Resampling-Based Inference in High Dimensional Linear Models via Flipscore Tests

par Daniela Corbetta (IMT)

mardi 21 avr. 2026, 11:15 → 12:15 Europe/Paris

Salle E. Picard (1R2-129)

We consider inference in high-dimensional linear models where p>>n, focusing on testing individual regression coefficients and constructing confidence statements on the set of active predictors. Existing methods such as debiased lasso and ridge projection rely on approximate inversion of X’X and yield asymptotically valid inference, but may suffer from instability and loss of accuracy in finite samples, particularly under strong dependence.
We study an alternative approach based on the flipscore test, a resampling-based procedure that approximates the null distribution of score statistics via random sign-flipping.
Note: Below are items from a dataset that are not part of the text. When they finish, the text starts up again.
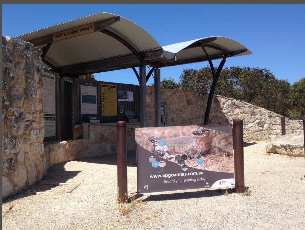
Entrance to Lincoln National Park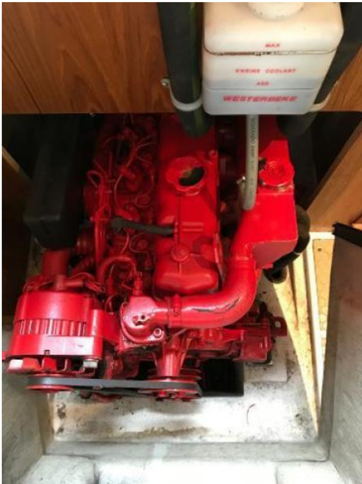
1999 Catalina 380 Engine, rear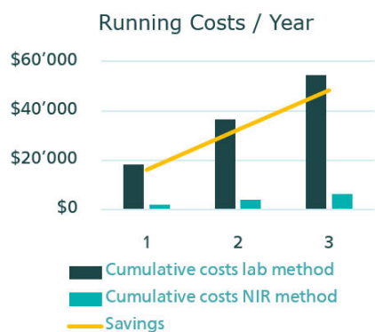
Figure 4. Comparison of the cumulative costs over three years for the determination of the hydroxyl number with titration and NIR spectroscopy.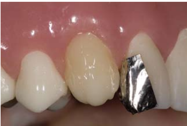
Figure 21: The initial dentin replacement layer (cervical shade A2) was placed in the gingival half of teeth #6 and #11 and extended partially into the incisal half.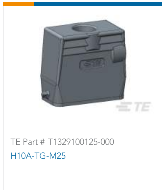
TE Part # T1329100125-000 H10A-TG-M25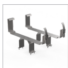
Connection kit for slotted cable trays 300 mm LKITA00000000009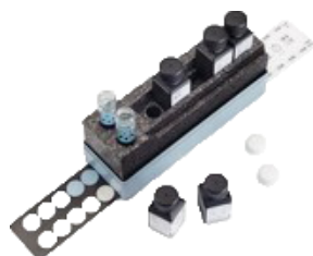
18-ME08-01 ~ 04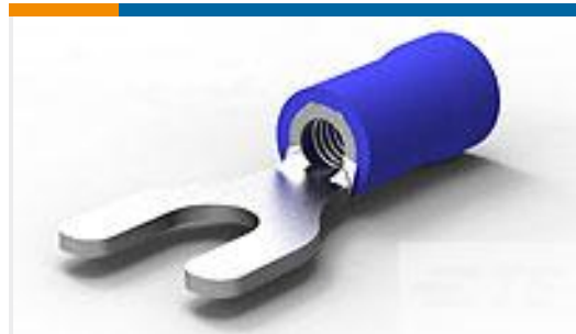
TE Part #34166 TERMINAL,PG SPD 16-14 8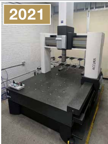
ZEISS Accura 9/16/8

For Further Information Email: customerservice@maynards.com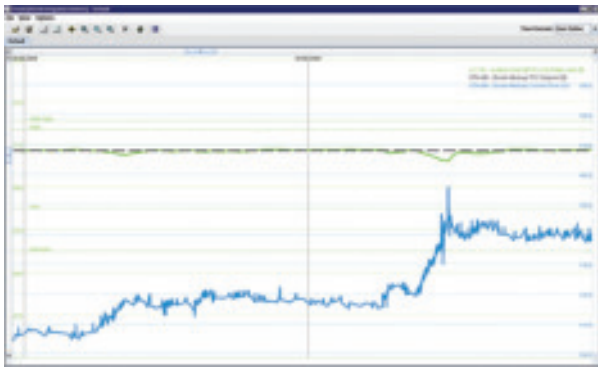
The SCADAConnect graph illustrates a FlumeGate along the South Channel automatically adjusting its flow rate (blue line) to maintain the channel water level (green line)

This method avoids explicit matrix inversion, is robust to variance misspecification, and accommodates dependence among predictors. However, its standard formulation requires a full-rank design and is not directly applicable when p>n.
To address this limitation, we propose a framework combining conditional resampling with preliminary variable selection. We investigate several strategies, including lasso-based screening, SVD-based dimension reduction, and stepwise selection, and analyze their impact on validity. Under suitable conditions on the selected model, we establish asymptotic validity of the resulting tests.
We further extend the approach to simultaneous inference on the full coefficient vector via multiple testing procedures, and exploit the resampling structure to obtain post-hoc bounds on the false discovery proportion that adapt to dependence. Simulation results highlight competitive error control and power compared to state-of-the-art methods.